- The Washington Times - Thursday, October 26, 2017

The University of California Berkeley student newspaper has apologized for an editorial cartoon of Harvard Law School professor Alan Dershowitz that had been denounced as anti-Semitic.

“We have seen with sharp clarity the pain and anger caused by an editorial cartoon that ran online in our opinion section on Oct. 18, and we apologize for this,” said Daily Californian editor-in-chief Karim Doumar in a Wednesday editor’s note.

His post ran after UC Berkeley Chancellor Carol Christ called the cartoon “offensive, appalling and deeply disappointing” in a Tuesday letter to the editor.

Mr. Dershowitz, who gave a talk presenting “the liberal case for Israel” at an Oct. 11 event on campus, is shown in the cartoon crushing a Palestinian child with his foot and holding up an Israeli Defense Forces soldier standing over a bloody corpse.

“Are you aware that its anti-Semitic imagery connects directly to the centuries-old ’blood libel’ that falsely accused Jews of engaging in ritual murder?” asked Ms. Christ. “I cannot recall anything similar in The Daily Californian, and I call on the paper’s editors to reflect on whether they would sanction a similar assault on other ethnic or religious groups.”

Noa Raman, northwest campus director of the pro-Israel group StandWithUs, called it “shocking to see a depiction of a prominent Jewish intellectual echo traditional anti-Semitic cartoons and tropes, which were designed to incite hate towards Jews, in a student newspaper at a prestigious American university.”

The student newspaper also ran an op-ed Wednesday by Mr. Dershowitz, who said none of the “hard-left” students who had objected to his speaking on campus took issue with the cartoon or a poster vandalized to show a swastika drawn over his face.

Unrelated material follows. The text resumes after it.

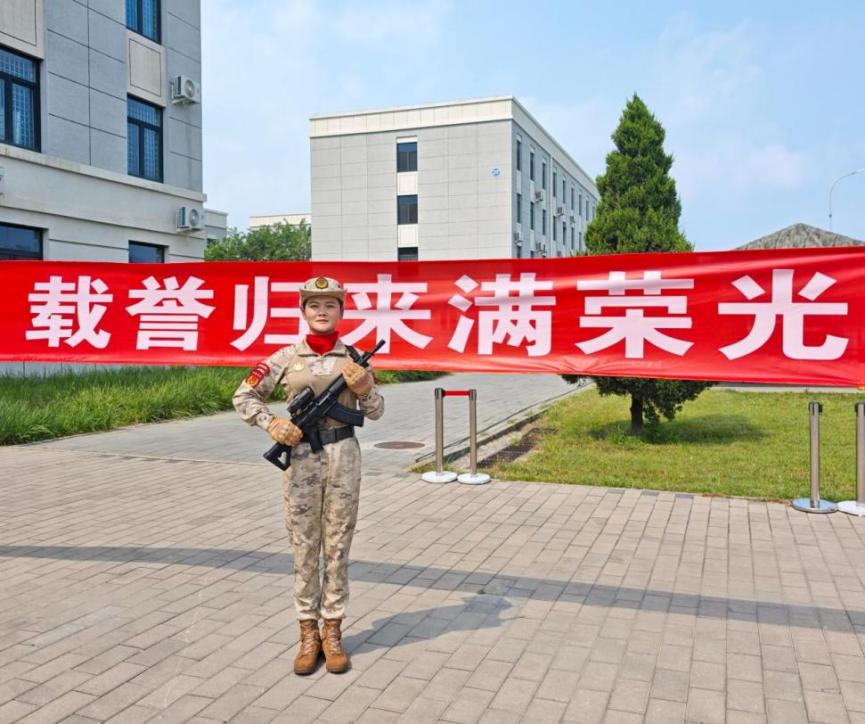 此次刘甜甜经过严格选拔,成功加入民兵方阵,不仅展现了退役军人“退伍不褪色”的军人本色与使命担当,更充分彰显了我校立德树人的育人成效。她表示:“能够参加此次阅兵任务,我感到无比光荣与自豪。我将以铿锵步伐,踏出和平的节奏。”(撰稿:张娜娜 图片:刘甜甜 初核:束舒娅 编辑:张娜娜 审定:尹广富)

“Those who condemn hate speech when it comes from the right should also speak up when hate speech comes from the left,” Mr. Dershowitz said. “The silence from those on the left is seeped in hypocrisy. It reflects the old adage: free speech for me but not for thee.”

A First Amendment expert, Mr. Dershowitz defended the right of the students to publish the cartoon, adding that they “also had the right not to publish it” and accusing them of a double standard.

“I am confident that if the shoe were on the other foot — if a cartoon of comparable hate directed against women, gays, blacks or Muslims were proposed — they would not have published it,” Mr. Dershowitz said. “There is one word for this double standard. It’s called bigotry.”

He said the cartoon should not be removed, but rather it should be “widely circulated along with the names prominently displayed of the person who drew it and the bigoted editors who decided to publish it.”

“Every potential employer or admissions officer should ask them to justify their bigotry,” Mr. Dershowitz said.

Mr. Doumar said that the cartoon, drawn by Joel Mayorga, was intended to argue that Mr. Dershowitz’s lecture was “hypocritical,” but that the editors “regret that the artistic rendering distracted from the discussion the artist was trying to start.”

“The criticism we have received reaffirms for us a need for a more critical editing eye, and a stronger understanding of the violent history and contemporary manifestations of anti-Semitism,” Mr. Doumar said.

Mr. Dershowitz’s talk was co-sponsored by the Chabad Jewish Student Center and pro-Israel group Tikvah.